もし、「こうあるべき」とか、会社の常識に縛られて、
彼らの個性が消されてしまっていたら…。
それって、すごくもったいないと思う。

毎日、懸命にがんばっているマネージャーのみんなに
どうしても伝えたいことがあります。

「型にはまったマネジメントの制服を脱いでみよう」

あなたが本当に感じてること
あなた自身でもっと勝負していい。

あなた自身がメンバーと関わるすべての瞬間を、
わかり合うチャンスに変えていこう。

わかり合うことを通じて、メンバーはあなたとの関係に
チカラが宿るのを感じるはずだ。

そこから、きっと新しい可能性が見えてくる

会社の目標だって、
みんなと一緒に考えれば、ぐっと魅力的にできる。

そこから回し始めるPDCAは、ただの仕事じゃない。
「未知の経験を楽しむ冒険」になる。

もう、準備はできてる。

必要なのは、素手のぼくらと、そばにいる仲間だ。
ぼくらにはすでにチカラがある。
きっと、解決志向がぼくらのチカラを照らしてくれるはずだ。

さあ、ぼくらの可能性を開く冒険に踏み出そう!

「あるもの」をつなぐ No.35 シンイチロウ” に対して6件のコメントがあります。

  1. おっくん より:

    シンイチロウさんへ

     一回目を読み終えて、5月の青空のようにスコーンと抜けた解放感を味わっています。いいね!シンちゃん。勇気をいただきましたよ。つづく
    おっくん

  2. シンイチロウ より:

    おっくんへ

    コメントありがとうございます。
    今日からようやくGWに入って、まったり過ごしております。

    解放感を味わっていただけたなんて、最高です!

  3. おっくん より:

    シンちゃんへ

    つづき

    1、ごどもの頃のような夢中な生き方を「幸せ」と呼ぶとしたら、シンちゃんチームのみなさんはきっと幸せを手にいれたんだろうなあ。何をとか、どうやってみたいな野暮なことは抜きにして、自分の居場所を見つけることができたことは本当に幸せなんだろうと思えてくる。

    2、ここ最近のシンちゃんも大きく変化を成し遂げているように感じている。理由?- – -なんだろうね。自分でも感じているのかも知れないね、たぶん。
    おっくん

    1. シンイチロウ より:

      おっくんへ

      つづきコメント、ありがとうございます!

      メンバーが思っていることをどんどん言ってくれて、ぼくもそれに応え続ける中で変化してきたかもしれません。
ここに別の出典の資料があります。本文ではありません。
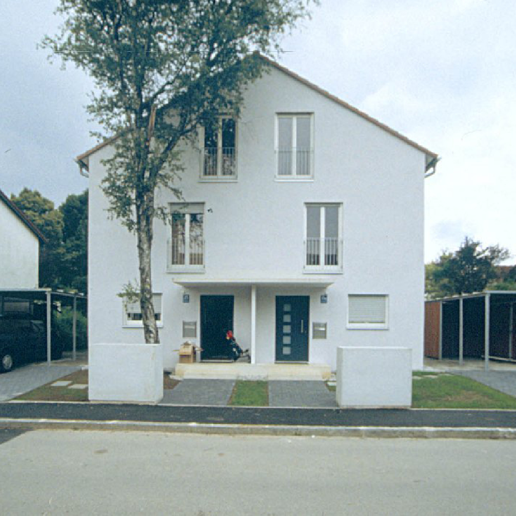 Ein in die Jahre gekommenes, in den 1960er Jahren erbautes, Zweifamilienhaus sollte nach dem Tode der Großeltern modernisiert und neuen Nutzungsanforderungen gerecht werden. Es wurden die Möglichkeiten einer einfachen Sanierung bis zum kompletten Abbruch untersucht. Als wirtschaftlichste und zukunftsorientierteste Lösung erwies sich die Komplettentkernung mit Aufstockung des Bestands bei gleichzeitiger Umgestaltung in zwei Doppelhaushälften mit Realteilung des Grundstücks.
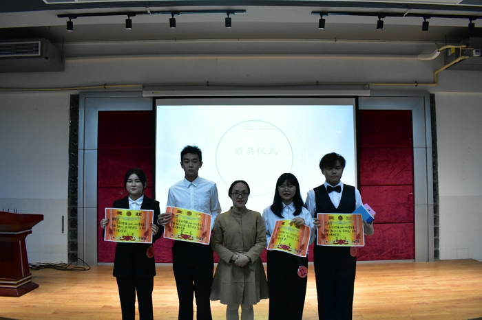 通过三轮比拼,根据评委评分,得出比赛结果,由主持人公布:第一名:陈哲、第二名:梁彦、第三名:李泽宇、人气奖:赖莹莹,并由会计学院团总支书记陈美欣老师为他们颁奖。
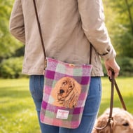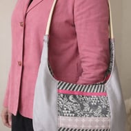 The Clover Sac - Cerise Pink Harris Tweed Embroidered Shoulder or Crossbody Bag
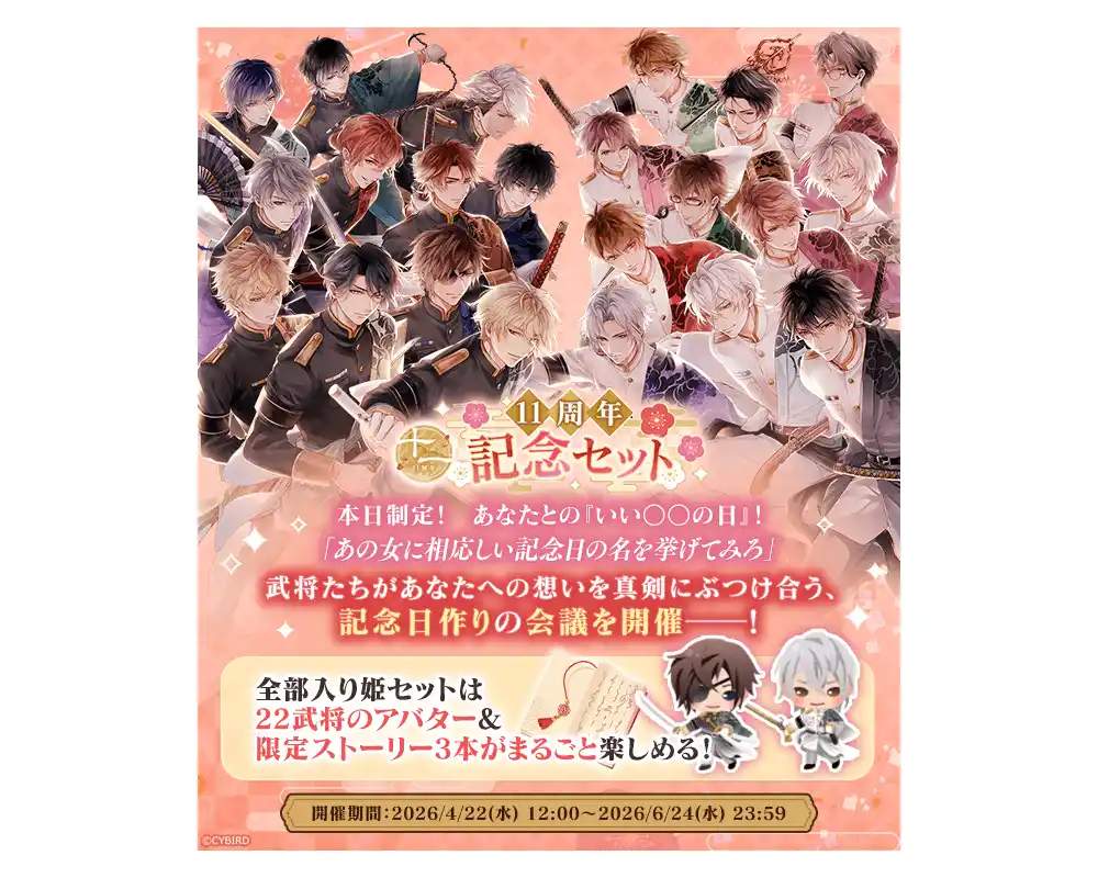 株式会社サイバード(本社:東京都品川区、代表取締役社長 兼 CEO 長嶋 貴之)が手掛ける、全世界でのシリーズ累計会員数4,500万人を誇る大人気恋愛ゲーム「イケメンシリーズ」の大人気作『イケメン戦国 時をかける恋』(以下、『イケメン戦国』)は、2026年6月22日(月)に11周年を迎えます。 |

      解決志向で、マネジメントを何周もやってきた中で見えたこともありました。
      人としての付き合いが深まることも魅力ですね。
      引き続き楽しんでいきたいと思います♪

  4. シオタリョウコ より:

    [あなたが本当に感じてること、あなた自身でもっと勝負していい]
    この言葉、ハッとしました。ホントそうですね!
    自分の感性と今まで体験した全てを信じて軽やかにしなやかにやっていけばいいんだ!と、思いました。

    [必要なのは、素手のぼくらと、そばにいる仲間だ]
    この言葉もドキッとしました。なんて素敵な言葉でしょう。
    素手は感覚が一番わかって(感じて)良いですね!
    仕事だけではなく、これから生きていくうえでも、素手の感覚と周りの仲間と協力していきたいと思いました。

    1. シンイチロウ より:

      シオタさん

      コメントありがとうございます!
      ぼくが大事だとおもっていることにコメントいただけて嬉しいです。

      「素手は感覚が一番わかる」って、たしかにそうですね!
      相手のことが、より感じとれるかもです。

      役割も、知識も、スキルも脇に置いといて、まずは素手で関わることが
      大事だなってあらためて思いました。